That's all a good review and some interesting examples. My only problem is I'm not seeing a formula of how to figure what the ideal valve spring is based on RPM, valve weight, seat surface area (guesstimated from valve diameter), etc. I'm sure on your end, the numbers in your example are derived from something (formula, what someone told you, experience of what works, etc). But all your numbers for seat/nose pressures are just numbers that I can't confirm or derive for myself. To use an analogy, I don't want to be fed fish from someone that knows how to fish, I want to learn to fish for myself. That doesn't mean I need to be a fully vested expert engine builder with all the toys and techniques. I just want to know how to build a decent engine and know when someone is spewing BS or not.

On with more specific thoughts about your comments...

How does the cam grinder come up with this?

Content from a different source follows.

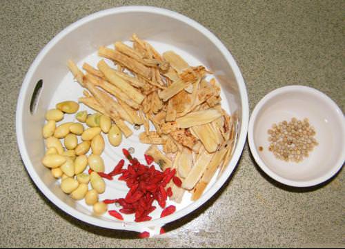 2,上輔料,這裡準備的有:黨參,白果,小北芪,枸杞,還有不可缺少的胡椒料約40粒。這些在超市都能買到的。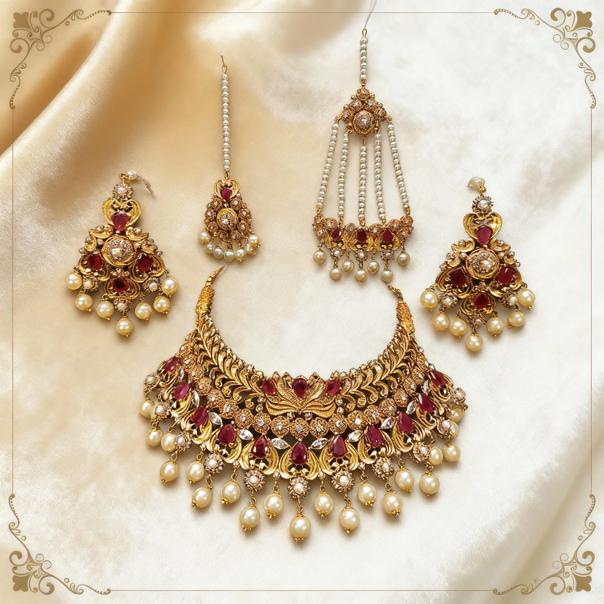 This luxurious Twenty Four Karat Gold Plated Bridal Choker Set is designed for brides who desire a bold, royal, and unforgettable look. The choker showcases exquisite handcrafted detailing with layered leaf motifs, beautifully set with deep ruby-colored stones that add richness and depth to the design. The lower edge is gracefully finished with delicate pearl drops, creating a perfect balance of tradition and elegance.

I am far more interested in these kinds of tricks, but not so much for getting max power, but for getting max efficiency for the purposes of optimal fuel economy. Thus things that improve performance at 4500+RPMs and have little to no benefit at 1200-2000 RPMs are not things I'm going to seriously consider for my build...but I'm still interested in knowing what improvements are available, how they improve things, and when they are best applied. Not to mention, those kinds of details would be interesting for others here that ARE interested in performance gains through PL reduction.

The beehives are really that much better? ...even for sub 3000 RPM ranges on an N/A daily driven machine? If so, I'm sold. Is there any chance that the beehive technology will afford me less seat pressure or some other efficiency gain?

400hp would be WAY optimistic for what I have in mind...as you recognized. I'm thinking more along the lines of 300hp for what I'm wanting to do. And what I'll be using are Explorer GT40p heads, not the GT40 heads. I'm also wanting:

• Tight quench with a .030" head gasket.
• High compression (10.2-10.7 range to make good use of E85, but low enough to still run 93 octane premium when I have to). I'd love to think I could run 11:1 with these cast iron heads, but from what I understand, that's just not going to happen, even with 93 octane, although it would be about perfect for E85.
• Mild port and bowl work (mostly cleanup) on the heads as described on Mouse's DIY Porting Site: DIY GT40p Head Porting. There's lots of good tips about what to and what NOT to do to GT40p heads based on testing he's done on his flow bench. His examples probably won't yield the absolue best gains possible with GT40p heads, but they will certainly be better than leaving them in stock form.
• Port work on the Explorer/GT40 lower as described by the Tech Docs from Tom Moss (available in the Tech Docs section of this forum).
• Cam hasn't been selected, but its either a Crane Powermax 2020 (.530"i/.530"e), a Comp XE258HR (.533"i/.544"e), or an RM Competition custom grind that's about the same duration and event points as those, just less lift (.512"i/.508"e). All three are basically RV/Truck cams, not performance cams. But because they all have high lifts and fast ramp rates, they can produce impressively well into the 5000s considering what they are.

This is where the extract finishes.